35

Biz:

"Ey Âdem, sen ve zevcen cennete yerleşin, orada nerede olursanız bol bol yiyin; ancak şu ağaca yaklaşmayın; sonra zâlimlerden olursunuz” demiştik.

"Ey Âdem, sen ve zevcen cennete yerleşin": Zevci Havva’dır.

Ferrâ’ şöyle demiştir: Hicazlılar erkeğin karısına zevç derler, ezvac olarak da çoğul yaparlar. Temim ile Kays’in çoğu ve Necitliler ise: Zevce derler ve zevcat şeklinde çoğul yaparlar.

Şair şöyle demiştir:

Zevcemi kışkırtanlar,

Bir sürü aslanın üzerine yürüyüp de idrarını almak isteyene benzerler.

Ebû'l - Cerrah da bana şöyle bir şiir aktardı:

Arkadaşım, bütün zevce sahiplerini ulaştır ki,

Kuyruk koptuğu zaman bir daha dikilmez.

Âdem’in yerleştiği cennet hakkında da iki görüş vardır:

Birincisi: Adn cennetidir.

İkincisi: Huld cennetidir. Rağed ise, bol ve çok rızk demektir. Erğade fulanun denir ki, bolluğa ve genişliğe çıktı demektir.

"Şu ağaca yaklaşmayın": Yani meyvesini yemeye, yoksa yanına yaklaşmayın, değildir.

Ağaç hakkında da altı görüş vardır:

Birincisi: O buğday başağıdır, İbn Abbâs, Abdullah b. Selam, Ka’bu’l - Ahbar, Vehb b. Münebbih, Katâde, Atıyye el - Ufi, Muharib b. Disar ve Mukâtil bu görüştedirler.

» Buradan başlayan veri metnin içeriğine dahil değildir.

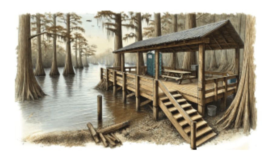
Wilderness Camping Platform

As they paddled towards the platform, a collective sigh of relief escaped their lips. "And a functioning porta-potty!" Riley exclaimed, her voice filled with mock theatrics. "Civilization at last!" They'd all silently harbored similar desperate longings for the past few hours, and Riley's outburst brought forth a chorus of laughter.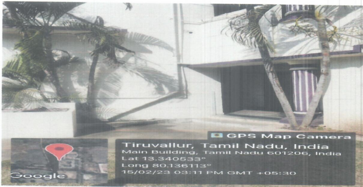
RAIN WATER HARVESTING INSIDE THE COLLEGE CAMPUS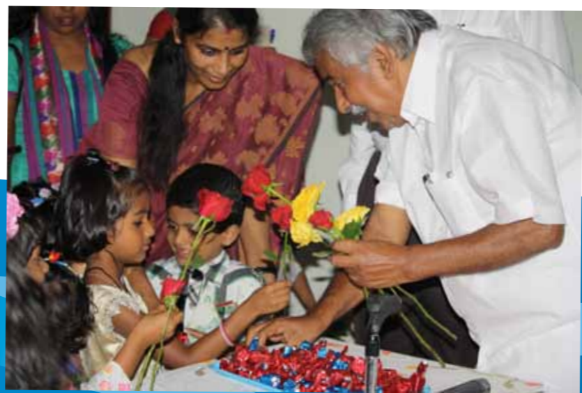
Preschool children greeting Chief minister during his visit at NISH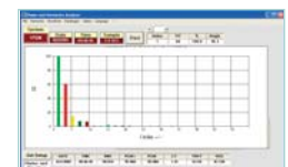
Software Harmonics Analysis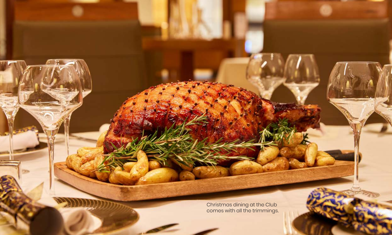
Christmas dining at the Club comes with all the trimmings.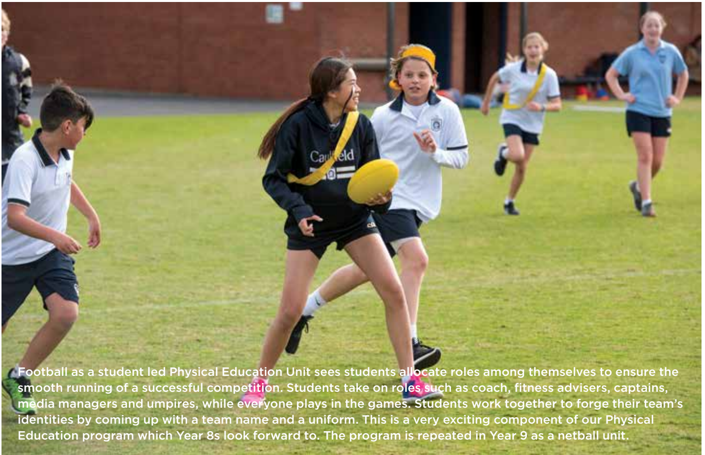
Football as a student led Physical Education Unit sees students allocate roles among themselves to ensure the smooth running of a successful competition. Students take on roles such as coach, fitness advisers, captains, media managers and umpires, while everyone plays in the games. Students work together to forge their team's identities by coming up with a team name and a uniform. This is a very exciting component of our Physical Education program which Year 8s look forward to. The program is repeated in Year 9 as a netball unit.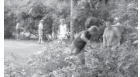
Lakeside Gardeners apply the pruning techniques and gather cut branches.

• Do not top trees. Even if upper branches are damaged in a storm, make repairs by cutting the branch at about a 45-degree angle or along the branch bark ridge. Remove broken tops and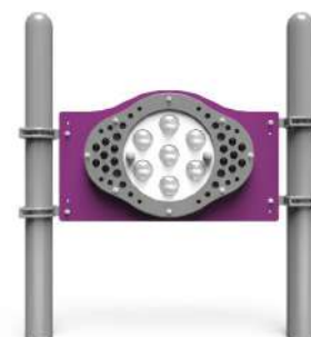
Disco Party Panel $3,000.00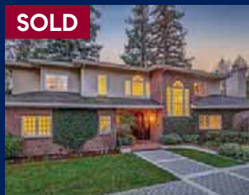
87 Fair Oaks Ln, Atherton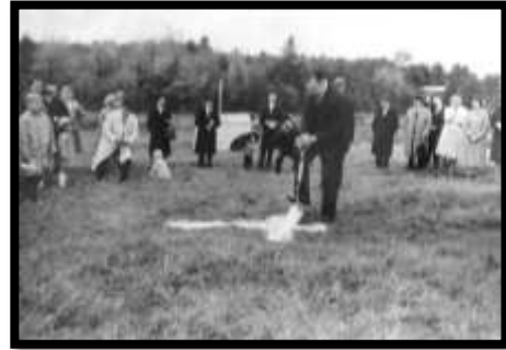
Breaking Ground for St. Matthew's (1964)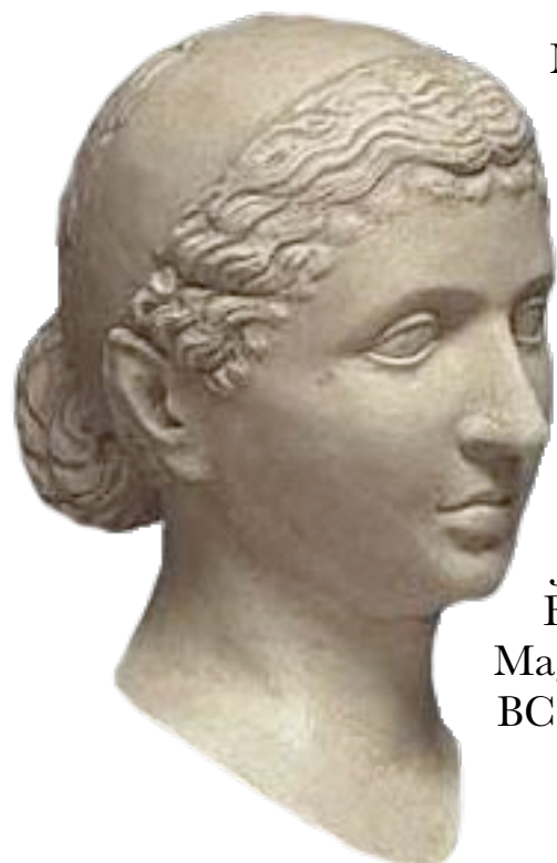
Bust of Cleopatra, Antiken Museum, Berlin. 35 B.C.

Married in name only, Cleopatra ruled as the sole monarch with Ptolemy XIII, as consort for the close to two years after which time he and his counsels had her ousted. Just as she was amassing an army in Syria to take back the throne, a Civil War ensued between Julius Caesar (100 BCE-44 BCE) and Gnaeus Pompeius Magnus or Pompey (106 BCE-48 BCE).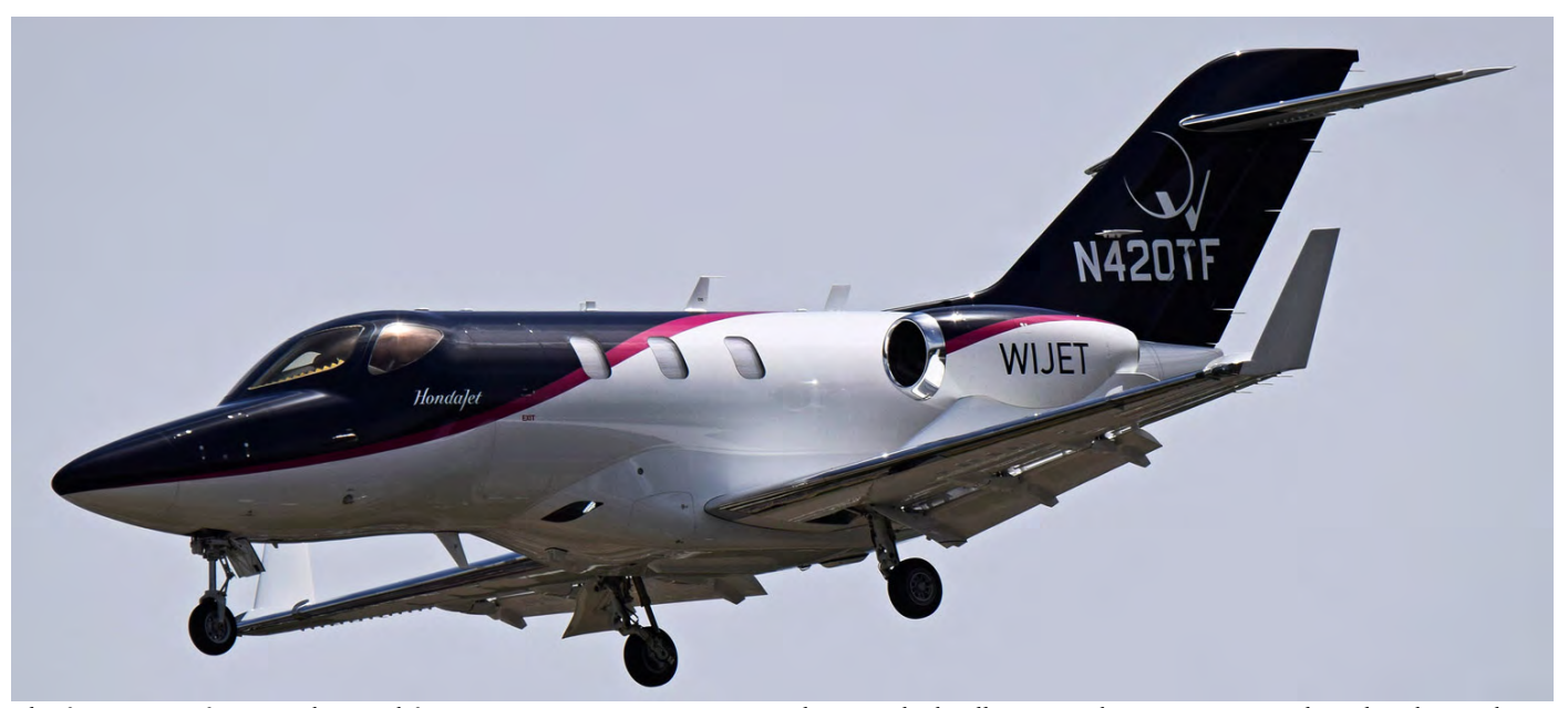
The first HA-420 for Wijet departed for Europe on 25 May 2018. It was photographed still registered as N420TF. Wijet has placed an order 16 HondaJets as part of a fleet upgrade and expansion programme. (Geneva, 27 May 2018,)

İkincisi: Asma ağacıdır, bu da İbn Mes’ûd, İbn Abbâs, Said b. Cübeyr ve Ca'de b. Hubeyre’den rivayet edilmiştir.

Üçüncüsü: İncir ağacıdır, bu da Hasen, Atâ’ b. Ebi Rebah ve İbn Cüreyç’ten rivayet edilmiştir.

Dördüncüsü: O ilim ağacıdır, bunu da Ebû Salih, İbn Abbâs’tan nakletmiştir.

Beşincisi: Kâfur ağacıdır, bu da Ali b. Ebi Talib’ten nakledilmiştir.

Altıncısı: Hurma ağacıdır, bu da Ebû Mâlik’ten rivayet edilmiştir.

Vehb b. Münebbih'den yedinci bir yorum zikredilmiştir, onun huld (ölümsüzlük) ağacı olduğu söylenmiştir. Söz ağacın cinsi üzerindedir.

"Sonra zâlimlerden olursunuz":

İbn Enbari şöyle demiştir: Zulüm, bir şeyi yerinin dışına koymaktır. Zalemerrecüle sikaehu denir ki, kırbanın içindeki süt iyice yoğunlaşmadan birine içirmektir.

Şair de şöyle demiştir:

Süt kırbasının şikâyeti beni hiç endişelendirmedi,

Ona zulmettim, açıktan zulmetmemde de sevap vardır.

Ona zulmetmesi, yağı çıkmadan, yani yoğurt olmadan içirmektir.

Araplar: O yılandan daha zalimdir, derler, çünkü o kendinin kazmadığı deliğe girer, orada kalır. Su dereye zulmetti denir ki, daha önce varmadığı yere varmasıdır.

Eğer: "Özellikle o ağacın yasaklanmasında ne hikmet vardı?” denilirse, şöyle cevap verilir: Bu Allahü teâlâ’nın irade ettiği bir denemedir. Ebû’l - Âliyye de şöyle demiştir: Cennet ağaçları arasında yalnız onun posası vardı, ondan yiyince, kendisine: Buradan çık, posanı (dışkını) atacak bir yer bul, dediler.